Selecione Controlo de acesso (IAM) .
Selecione Adicionar>Adicionar atribuição de funções para abrir a página Adicionar atribuição de funções.
Atribua a seguinte função. Para obter os passos detalhados, veja o artigo Atribuir funções do Azure com o portal do Azure.
Configuração Valor Função Contribuidor de Dados de Armazenamento Blob Atribuir acesso a Usuário, grupo ou entidade de serviço Membros <Nome do seu trabalho do Stream Analytics>
Conceder acesso através da linha de comando
Acesso ao nível do contentor
Para dar acesso a um contêiner específico, execute o seguinte comando usando a CLI do Azure:
az role assignment create --role "Storage Blob Data Contributor" --assignee <principal-id> --scope /subscriptions/<subscription-id>/resourcegroups/<resource-group>/providers/Microsoft.Storage/storageAccounts/<storage-account>/blobServices/default/containers/<container-name>
Acesso ao nível da conta
Para dar acesso à conta inteira, execute o seguinte comando usando a CLI do Azure:
az role assignment create --role "Storage Blob Data Contributor" --assignee <principal-id> --scope /subscriptions/<subscription-id>/resourcegroups/<resource-group>/providers/Microsoft.Storage/storageAccounts/<storage-account>
Criar uma entrada ou saída de blob
Agora que sua identidade gerenciada está configurada, você está pronto para adicionar o recurso de blob como entrada ou saída ao seu trabalho do Stream Analytics.

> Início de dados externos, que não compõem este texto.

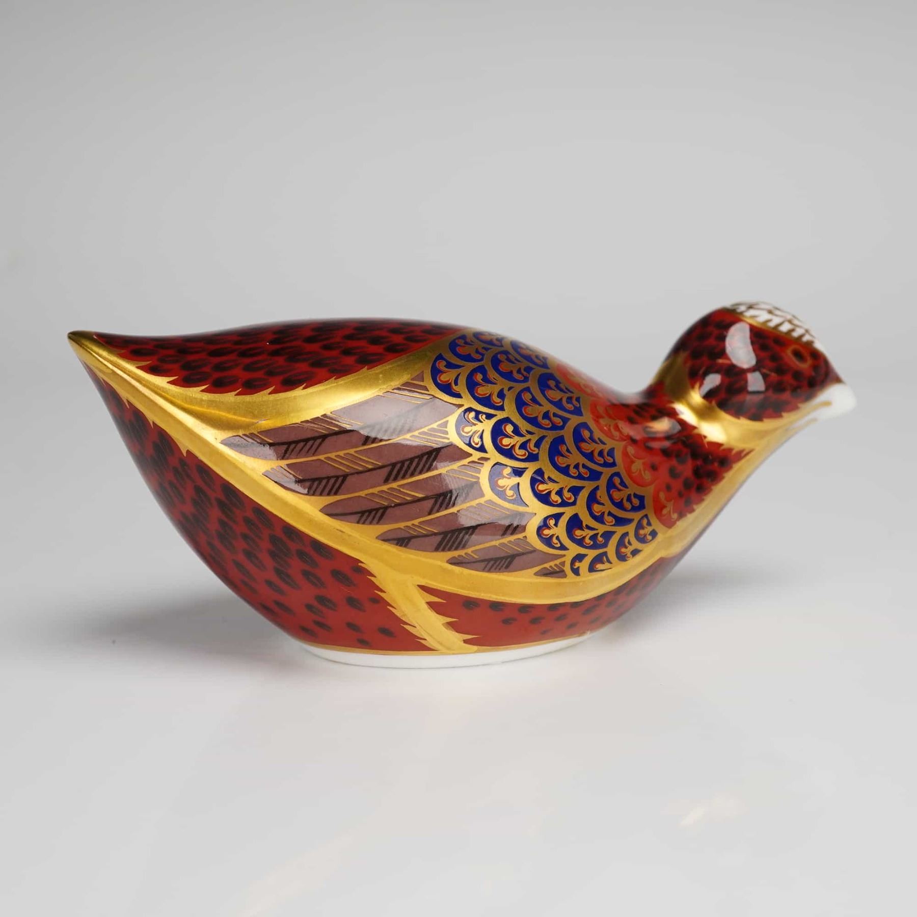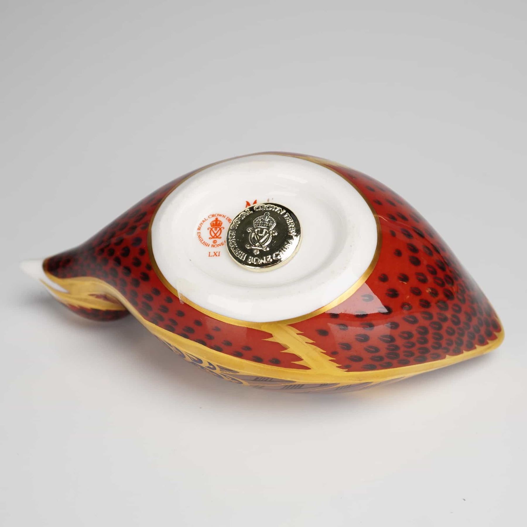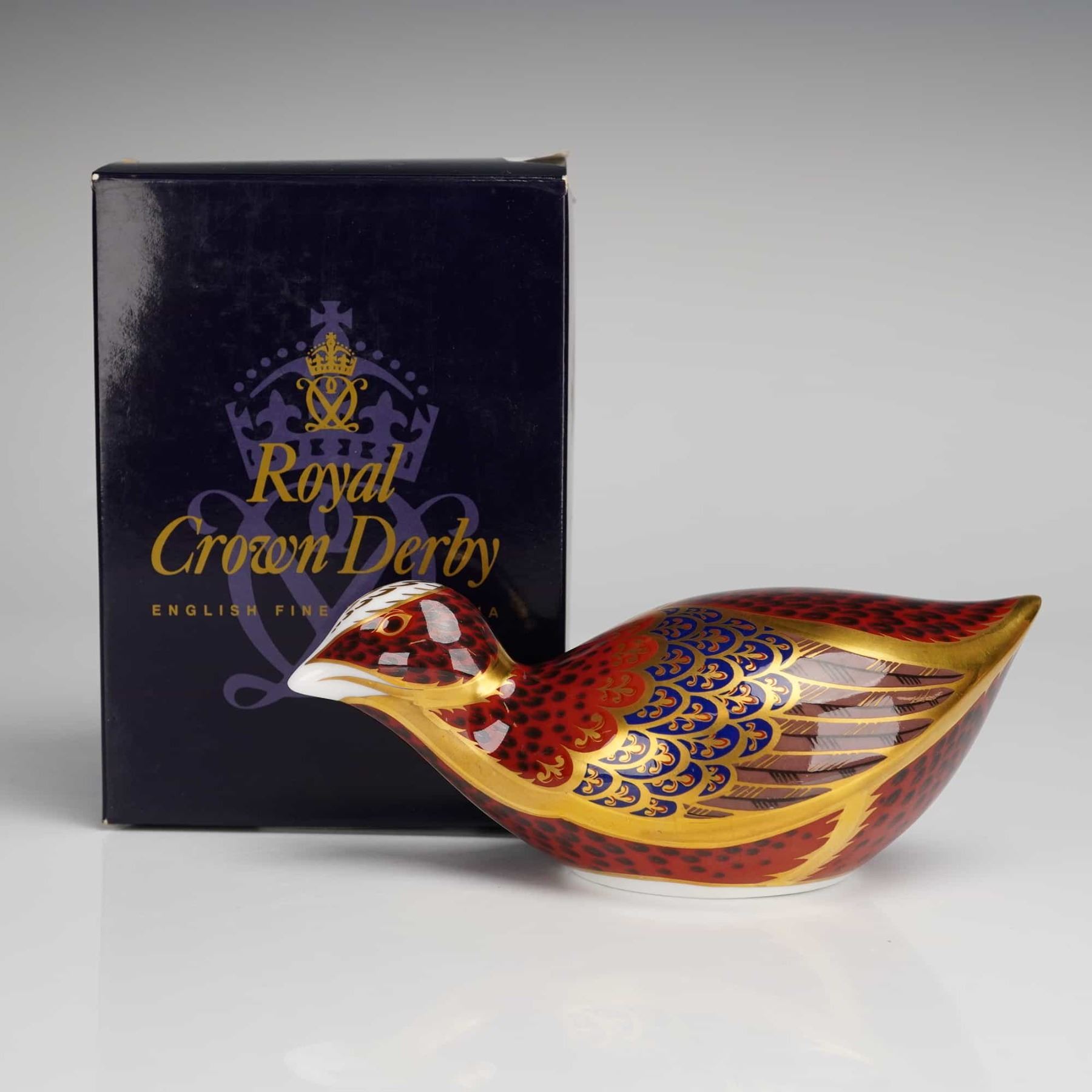 A Royal Crown Derby English fine bone china paperweight modeled as a coot. The figurine is decorated in the traditional Imari style with intricate patterns in cobalt blue, iron red, and 22kt gold gilding. The underside is marked with a red factory stamp including the Roman numeral date code LXI for 1998, alongside a signature gold-toned brand stopper. The item is accompanied by its original blue presentation box, which is printed with Royal Crown Derby English Fine Bone China and the company crest in gold.

Na janela de propriedades de saída do ponto de saída de armazenamento de Blob do Azure, selecione o menu suspenso "Modo de Autenticação" e escolha Identidade gerenciada. Para obter informações sobre as outras propriedades de saída, consulte Compreender as saídas do Azure Stream Analytics. Quando terminar, selecione Guardar.
Permitir o acesso à rede virtual
Quando configura os firewalls e redes virtuais da sua conta de armazenamento, pode opcionalmente permitir a entrada de tráfego de rede de outros serviços Microsoft de confiança. Quando o Stream Analytics autentica usando a Identidade Gerida, fornece prova de que o pedido tem origem num serviço de confiança. As instruções seguintes explicam como ativar esta exceção de acesso à rede virtual.
- Vai ao painel de Firewalls e redes virtuais dentro do painel de configuração da conta de armazenamento.
- Certifique-se de que a opção Permitir que serviços confiáveis da Microsoft acedam a esta conta de armazenamento está ativada.
- Se a ativaste, seleciona Guardar.
Remover identidade gerenciada
A identidade gerida que cria para uma tarefa de Stream Analytics só será eliminada quando elimina a tarefa. Não podes apagar a Identidade Gerida sem eliminar o trabalho. Se você não quiser mais usar a Identidade Gerenciada, poderá alterar o método de autenticação para a saída. A Identidade Gerida continua a existir até eliminares o trabalho, e é usada se decidires voltar a usar a autenticação por Identidade Gerida.
Limitações
As limitações atuais desta funcionalidade incluem:
Contas clássicas de Armazenamento do Azure.
Contas do Azure sem o Microsoft Entra ID.
O acesso multitenant não é suportado. O principal de serviço criado para um determinado trabalho de Stream Analytics deve residir no mesmo tenant Microsoft Entra onde criou o trabalho, e não pode usá-lo com um recurso que reside num tenant Microsoft Entra diferente.